We estimated the uncertainties in the HIST-ETAS parameters at each location following the method outlined in Ueda et al. (2021). We first resampled the data 100 times by randomly extracting 90% of the earthquake data used in this analysis. Note that we did not exclude the M9 mainshock from the resampled data set. We then applied the HIST-ETAS model to each resampled dataset and estimated the spatial patterns of the five seismicity parameters. We note that the reference parameters (\(\widehat{\mu }\), \(\widehat{K}\), \(\widehat{\alpha }\), \(\widehat{p}\), and \(\widehat{q}\)) may vary significantly among the 100 resampled datasets owing to the trade-offs between each parameter. Herak et al. (2001) investigated the interdependence of the ETAS model parameters using the aftershock sequences of the 1996 Ston-Slano earthquake and highlighted that the degree of correlation can be large, especially for pairs of aftershock parameters. Therefore, we normalized the model parameters by dividing the reference parameters estimated from each resampled dataset, and then calculated the standard deviation of \(\vartheta \left(x,y\right)/\text{ln}10\) (common logarithm of the normalized parameter) at each location to evaluate the significance of the relative differences in each parameter, independent of the trade-offs between parameters.
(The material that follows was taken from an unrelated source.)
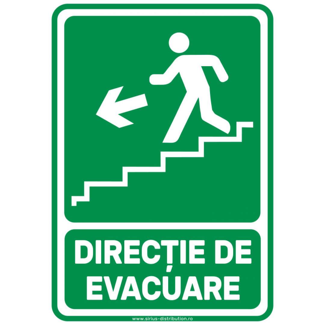 Autocolant de semnalizare pentru indicarea zonelor prin care se face evacuarea persoanelor/bunurilor. Acest autocolant este realizat din folie PVC, autoadeziva cu o grosime de 75 de microni. Se aplica pe suprafete plane, curate și uscate in locuri bine iluminate, vizibile și usor accesibile. Dimensiuni: 148mm x 210mmLivrarea produselor

We used the JMA unified hypocenter catalog (the preliminary Determination of Epicenters) as the earthquake data in our analysis. We applied the HIST-ETAS model to the \({\text{M}}_{\text{j}} \ge 4.0\) earthquakes that occurred between the timing of the 2011 Tohoku-Oki mainshock (11 March 2011) and 20 February 2021 and were located at ≤100 km depth beneath Japan (20°–50°N, 120°–150°E). The \({\text{M}}_{\text{j}}\ge 6.0\) earthquakes that occurred since 1922 and the \({\text{M}}_{\text{j}}\ge 4.0\) earthquakes that occurred since February 2011 were used as the precursory occurrence history of the HIST-ETAS model.